Buy this book from the TrainingZONE - Blackwells bookshop.

Training for Financial Awareness has been designed to give non-financial managers the knowledge and skills they will require to use financial systems effectively. The training activities follow the progress of a management team at a fictitious kitchen manufacturing company. The team are carrying out a review following the bank’s concern at their increasing overdraft. The training is divided into eight sections:
- What’s this business all about? Using a SWOT analysis
- Finding out where the money’s gone
- So you’ve made a profit? What else does the P&L account tell you?
- Have you been increasing your worth? What the balance sheet tells you
- What’s happened to the flow of money? Using ratios to find out
- Ratios can save money and make you more profit
- Are your costs behaving themselves?
- How the figures can help you make better marketing decisions.

I found this case-study a useful way of understanding the different aspects of finance. By using a manufacturing company that makes a product everyone knows (fitted kitchen units) the user can consider the different marketing methods that are employed: direct sales, third party through other showrooms and new build to builders of new houses. It is also easy to understand the concepts of work in progress, raw materials, unsold stock etc.

The training carefully explains why various bits for information are required and how they will be of use to the management team. This includes the dreaded ratios that seem to cause confusion to most when first encountered. It would however, have been useful if there were some worked examples of the different ratios and perhaps a crib-sheet as a handout for the sessions.

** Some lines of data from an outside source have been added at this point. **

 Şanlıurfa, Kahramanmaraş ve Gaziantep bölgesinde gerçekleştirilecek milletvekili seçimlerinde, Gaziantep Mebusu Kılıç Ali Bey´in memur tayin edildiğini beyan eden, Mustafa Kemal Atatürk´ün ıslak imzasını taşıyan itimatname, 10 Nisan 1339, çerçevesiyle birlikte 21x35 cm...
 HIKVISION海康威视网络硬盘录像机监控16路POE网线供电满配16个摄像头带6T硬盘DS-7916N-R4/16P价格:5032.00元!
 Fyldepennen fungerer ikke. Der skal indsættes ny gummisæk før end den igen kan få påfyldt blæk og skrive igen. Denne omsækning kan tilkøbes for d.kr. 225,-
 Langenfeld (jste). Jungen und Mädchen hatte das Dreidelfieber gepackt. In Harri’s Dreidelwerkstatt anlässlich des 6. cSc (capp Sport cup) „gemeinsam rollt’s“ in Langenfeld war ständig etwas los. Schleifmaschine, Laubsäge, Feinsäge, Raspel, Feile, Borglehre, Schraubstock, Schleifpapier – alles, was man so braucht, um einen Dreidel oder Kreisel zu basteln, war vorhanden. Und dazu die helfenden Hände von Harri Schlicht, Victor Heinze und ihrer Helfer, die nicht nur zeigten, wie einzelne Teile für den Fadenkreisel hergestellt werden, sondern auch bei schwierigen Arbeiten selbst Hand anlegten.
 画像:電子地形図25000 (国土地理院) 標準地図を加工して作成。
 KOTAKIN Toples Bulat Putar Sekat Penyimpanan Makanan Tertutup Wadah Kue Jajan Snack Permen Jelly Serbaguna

The pack is designed like other Gower materials; there are trainer notes and sections that can be photocopied for participants. My only reservation is that this is finance training in its most traditional form. If ever there a subject was crying out for a more creative approach, finance would be it. However, I found this pack useful and it contained many ideas that could be used by trainers for financial awareness, whether or not they feel financially competent.